Mieszkanka Kobyłki wracając późno do domu, już po godzinie dwudziestej trzeciej,zaobserwowała dziwną sytuację. Dwoje dorosłych ludzi w otoczeniu trójki dzieci zaczęło się głośno kłócić na ulicy. Po chwili kobieta zabrała dwójkę młodszych pociech i odeszła, zostawiając mężczyznę z około sześcioletnim chłopcem na ulicy. Chwilę później już było wiadomo, że mężczyzna jest pod wpływem alkoholu. Pomimo pomocy dziecka, dorosły potykał się, upadał, kilkakrotnie był zwlekany z drogi przez chłopca, żeby uniknąć uderzenia samochodu. Mieszkanka Kobyłki zmartwiona tą sytuacją pomogła chłopcu i odwiozła ich swoim samochodem do miejsca zamieszkania. Po chwili zastanowienia postanowiła jednak wezwać policję, by upewnić się, że dzieci są bezpieczne.

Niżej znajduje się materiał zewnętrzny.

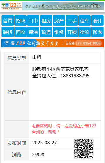 顺都府小区两室家具家电齐全拎包入住。18831988795

Policjanci zastali ogólny bałagan w mieszkaniu. Była tam trzydziestoczteroletnia kobieta, której podczas badania alkomat wykazał ponad dwa promile alkoholu. Poza nią był tam również zachowujący się agresywnie mężczyzna i trójka dzieci w wieku: dwunastu, sześciu lat i dwunastu miesięcy. Pomimo niespokojnego zachowania mężczyzny, policjantom udało się zbadać go alkomatem, który wykazał około dwóch i pół promila. Kobieta zaczęła się mętnie tłumaczyć, że z racji tego, że jest sobota wolno jej pić alkohol na grillu z przyjaciółmi. Odgrażało się również, że zna swoje prawa i nikt jej nie może nic zrobić. Policjanci zatrzymali nieodpowiedzialną parę, którą przewieziono na Izbę Wytrzeźwień i skierowano dzieci pod opiekę najbliższej rodziny, w tym przypadku babci. Sąd rodzinny przyjrzy się temu przypadkowi i postanowi jakie konsekwencje wyciągnie w stosunku do rodziców i co stanie się z dziećmi.

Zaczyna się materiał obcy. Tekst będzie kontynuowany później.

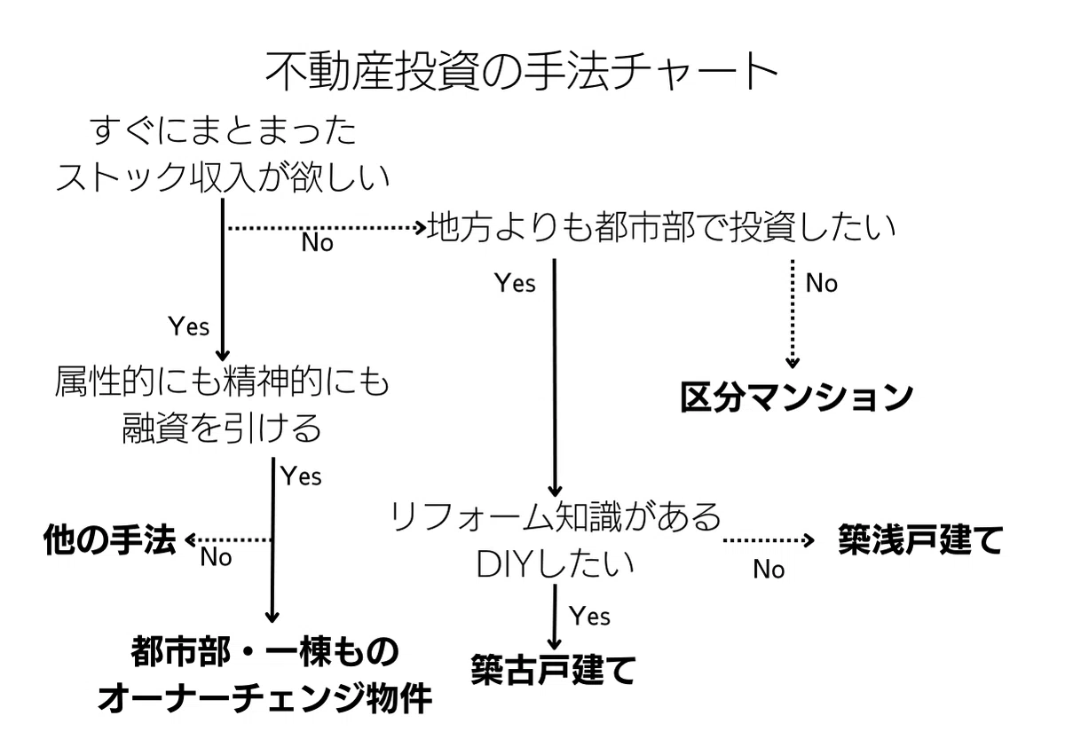 この記事では、不動産投資をやるべきか、どのような手法で始めるかについて、チャートを紹介しながら解説しました。

Niefrasobliwy ojciec, który był eskortowany przez syna, usłyszał zarzuty narażenia małoletniego syna na doznanie ciężkiego uszczerbku na zdrowiu i bezpośredniego niebezpieczeństwa utraty życia. Prokuratura zastosowała nad mężczyzną dozór policyjny. Wstępny wymiar kary, który może otrzymać mężczyzna, to od trzech miesięcy do pięciu lat.